* ACTIVITY *
Your task is to write out every line of the data exactly. Drop the pictures.

* DATASET EXCERPT *
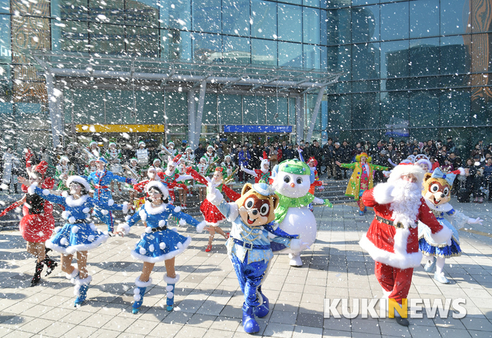 크리스마스를 일주일 앞둔 18일 오후 서울역 광장에서 롯데월드 어드벤처 공연팀이 미니 크리스마스 공연을 선보이고 있다.
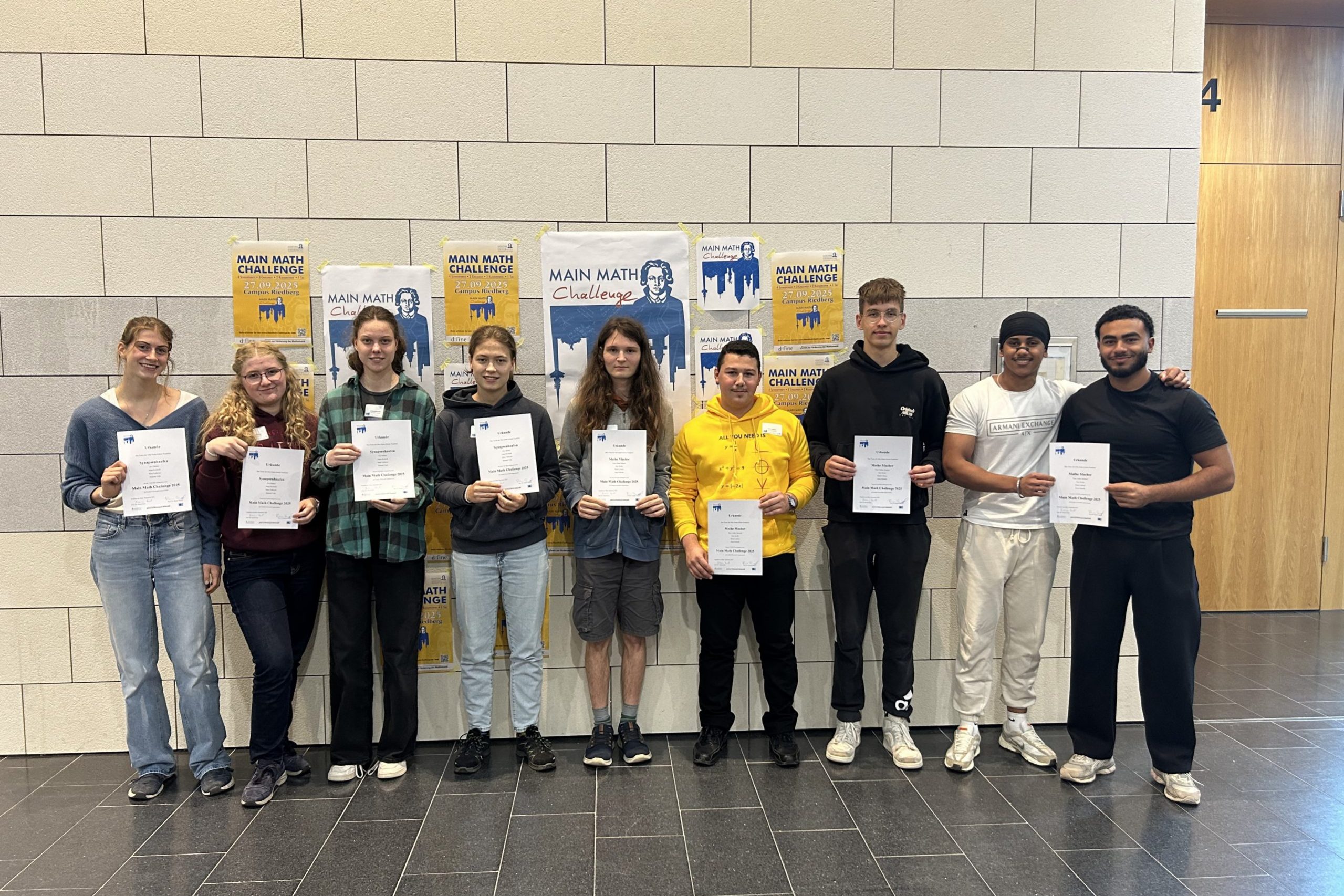 Unsere Schule hat zwei Teams (Q1D & Q3D) zur Main Math Challenge, am Samstag den 27.09.2025, an die Goethe-Universität geschickt. In drei verschiedenen Challenges mussten die insgesamt 49 Teams ihre mathematischen Fähigkeiten unter Beweis stellen.
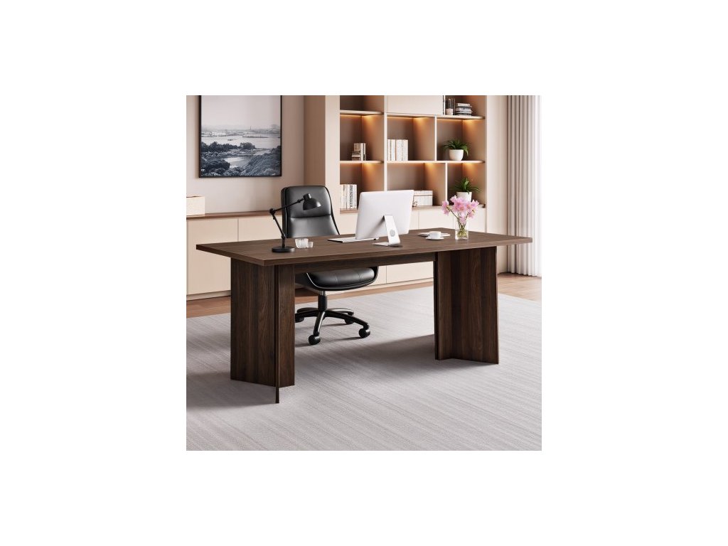VEVOR 63 palcový manažerský stůl, velký moderní obdélníkový kancelářský stůl, odolný dřevěný manažerský stůl s otvorem pro připojení kabelu, nosnost 113 kg, snadná montáž, pro práci, studium, psaní, ořech
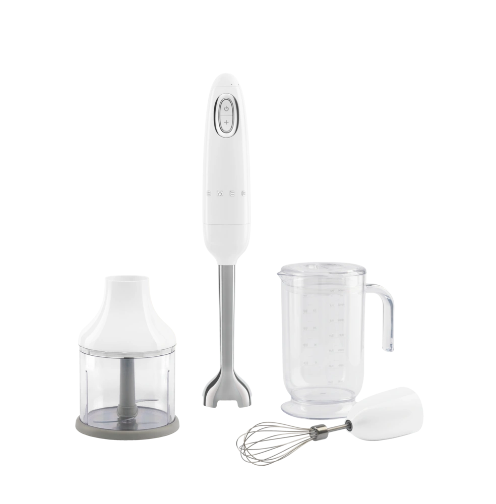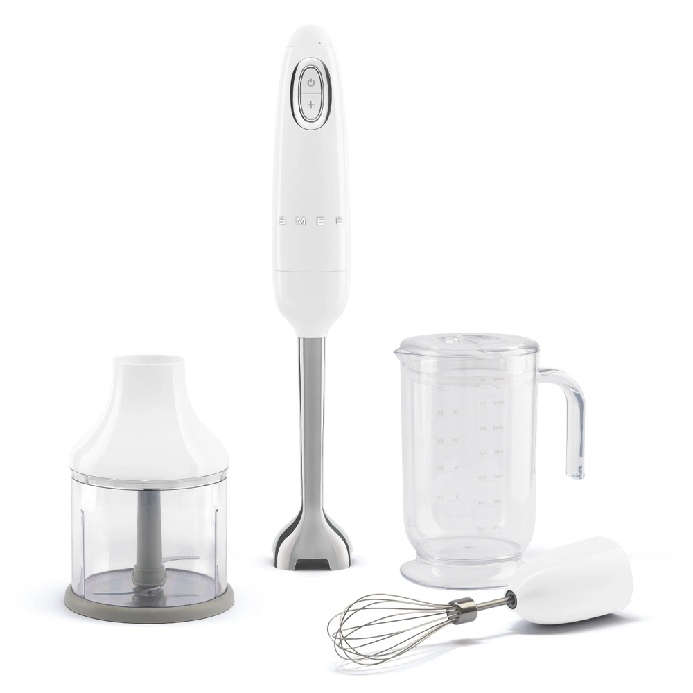 Blender ręczny z akcesoriami HBF03WHEU - Smeg to wyjątkowe urządzenie, które połączy w Twojej kuchni funkcjonalność z niepowtarzalnym stylem. Ten nowoczesny blender ręczny wyróżnia się nie tylko wysoką jakością wykonania, ale także eleganckim, retro designem charakterystycznym dla marki Smeg. Idealny dla osób szukających praktycznych rozwiązań oraz estetycznych akcesoriów kuchennych.

* SOLUTION TO THE PROBLEM *
 크리스마스를 일주일 앞둔 18일 오후 서울역 광장에서 롯데월드 어드벤처 공연팀이 미니 크리스마스 공연을 선보이고 있다.
 Unsere Schule hat zwei Teams (Q1D & Q3D) zur Main Math Challenge, am Samstag den 27.09.2025, an die Goethe-Universität geschickt. In drei verschiedenen Challenges mussten die insgesamt 49 Teams ihre mathematischen Fähigkeiten unter Beweis stellen.
VEVOR 63 palcový manažerský stůl, velký moderní obdélníkový kancelářský stůl, odolný dřevěný manažerský stůl s otvorem pro připojení kabelu, nosnost 113 kg, snadná montáž, pro práci, studium, psaní, ořech
 Blender ręczny z akcesoriami HBF03WHEU - Smeg to wyjątkowe urządzenie, które połączy w Twojej kuchni funkcjonalność z niepowtarzalnym stylem. Ten nowoczesny blender ręczny wyróżnia się nie tylko wysoką jakością wykonania, ale także eleganckim, retro designem charakterystycznym dla marki Smeg. Idealny dla osób szukających praktycznych rozwiązań oraz estetycznych akcesoriów kuchennych.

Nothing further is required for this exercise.